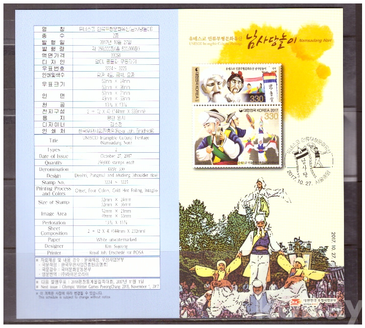 (안내카드) 2017.10.27 유네스코 인류무형문화유산-남사당 놀이 (접지않음)
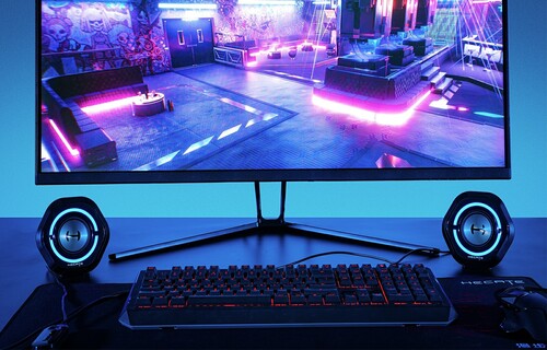 RGB Lighting: With the one-button switch of 12 patterns of RGB ambient lighting effects and the “oxeye” design, the speakers look futuristic and cool. The compact design will not overpower your gaming setup.
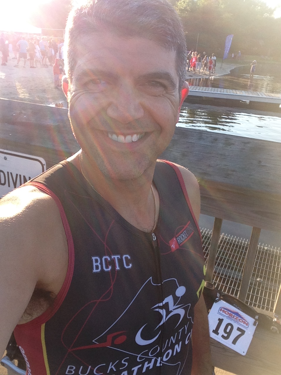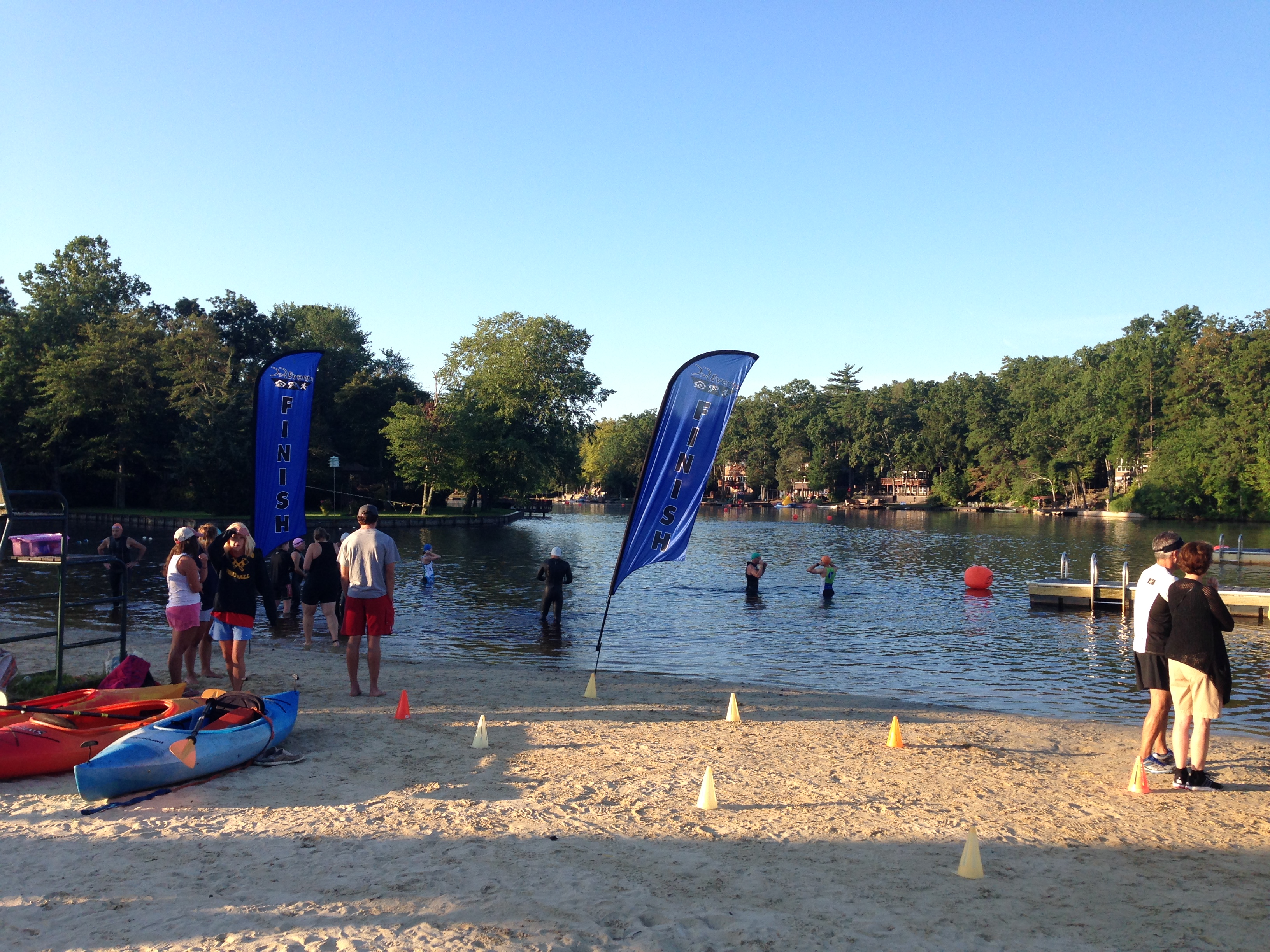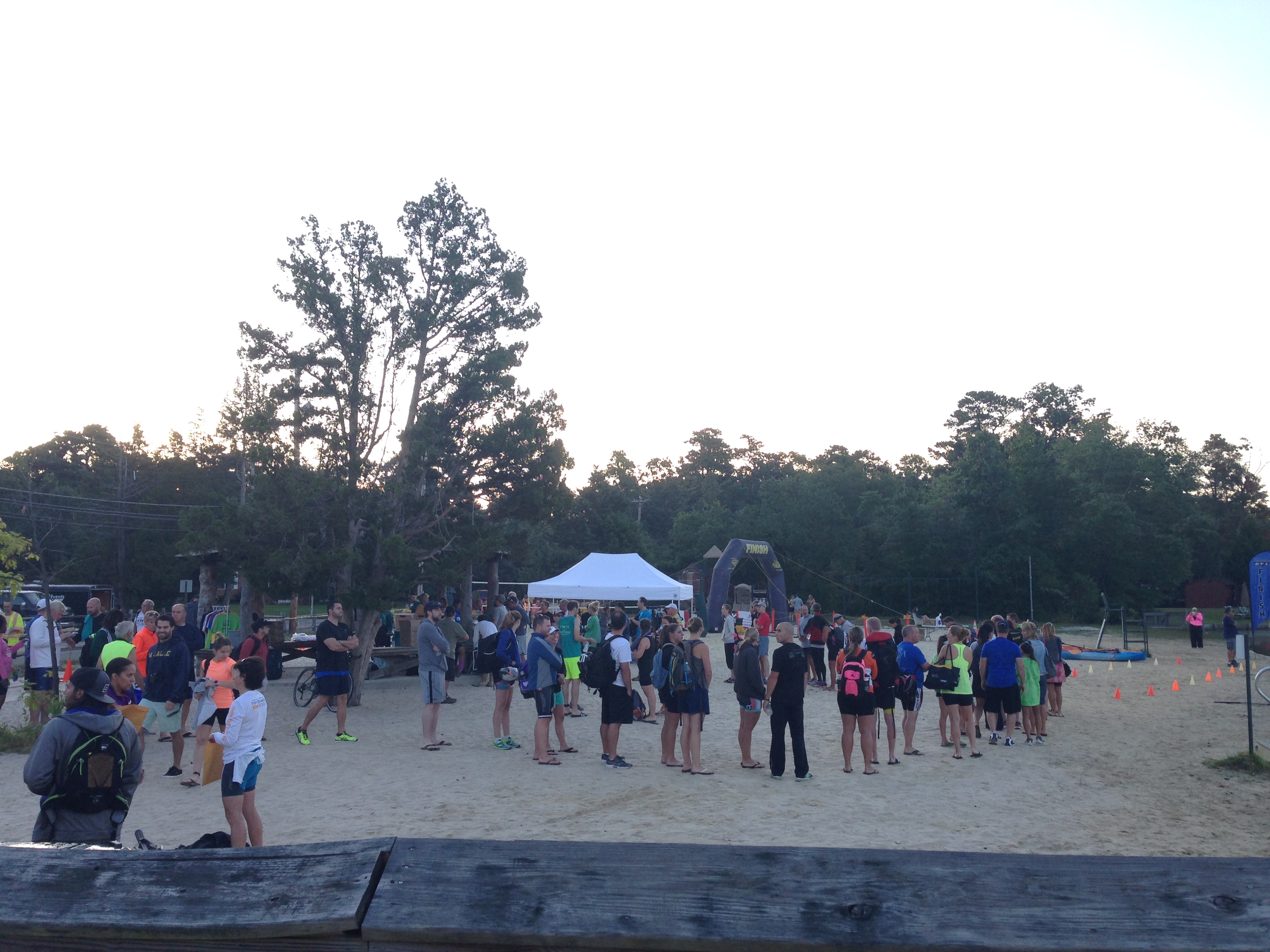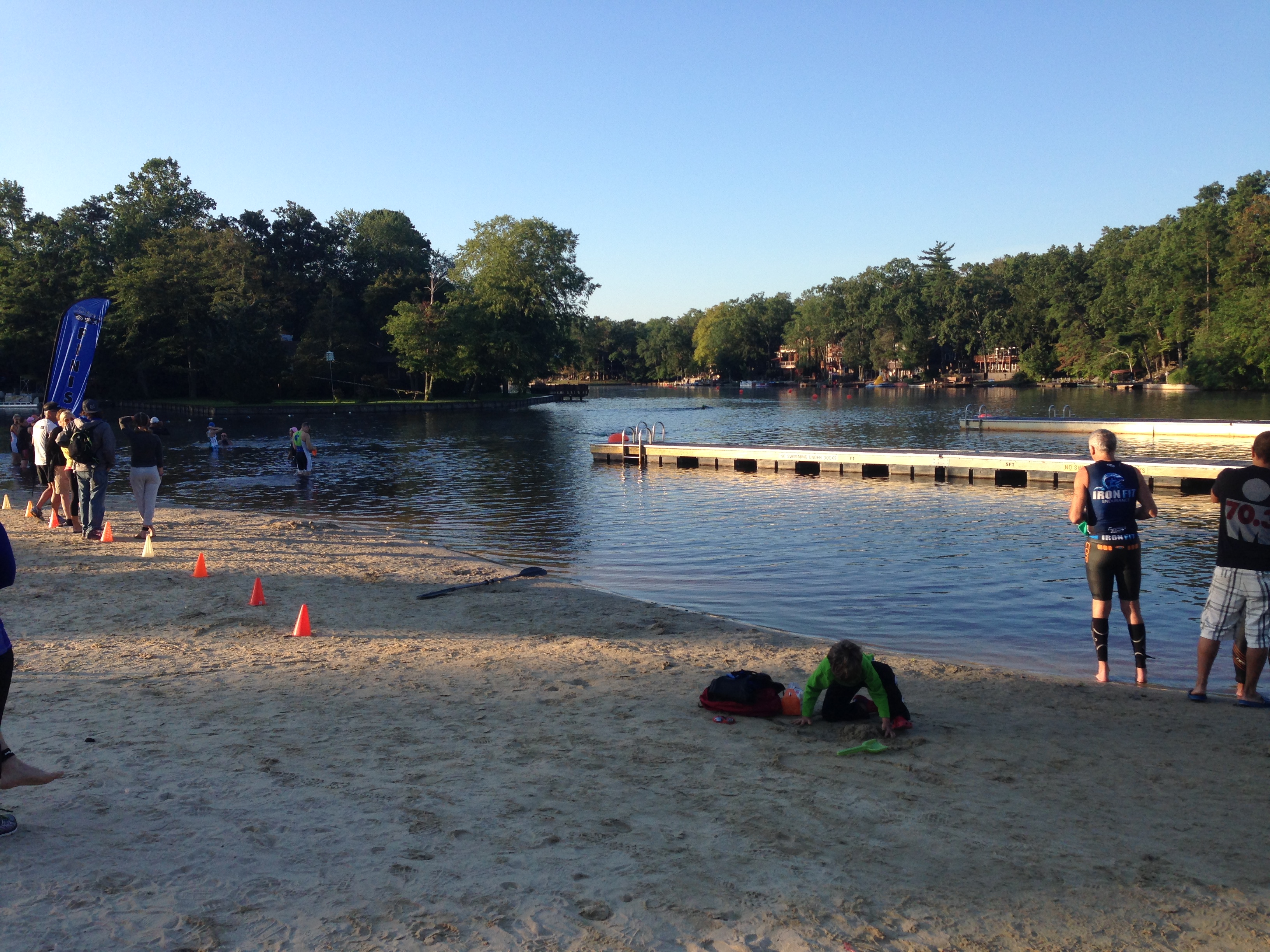 Early on Sunday morning I headed down to the race site, got to body marking and made my way into transition with enough time to set up my gear and have time to hit the bathrooms before transition closed. With my age group placing I was not due off until after 8am and the race started at 7:30am. Transition closed around 6:45 so I had plenty of time to walk around before the race. I took a Hammer Gel, some salt tabs and some water before heading out. It was still warm. The race was too warm to be wetsuit legal although that wasn’t really a factor as I’ve never used a wetsuit for this event. It’s usually too warm this time of year.

# What the exercise asks:
The material above is to be repeated word for word, with no images kept.

# Solution:
 (안내카드) 2017.10.27 유네스코 인류무형문화유산-남사당 놀이 (접지않음)
 RGB Lighting: With the one-button switch of 12 patterns of RGB ambient lighting effects and the “oxeye” design, the speakers look futuristic and cool. The compact design will not overpower your gaming setup.
 Early on Sunday morning I headed down to the race site, got to body marking and made my way into transition with enough time to set up my gear and have time to hit the bathrooms before transition closed. With my age group placing I was not due off until after 8am and the race started at 7:30am. Transition closed around 6:45 so I had plenty of time to walk around before the race. I took a Hammer Gel, some salt tabs and some water before heading out. It was still warm. The race was too warm to be wetsuit legal although that wasn’t really a factor as I’ve never used a wetsuit for this event. It’s usually too warm this time of year.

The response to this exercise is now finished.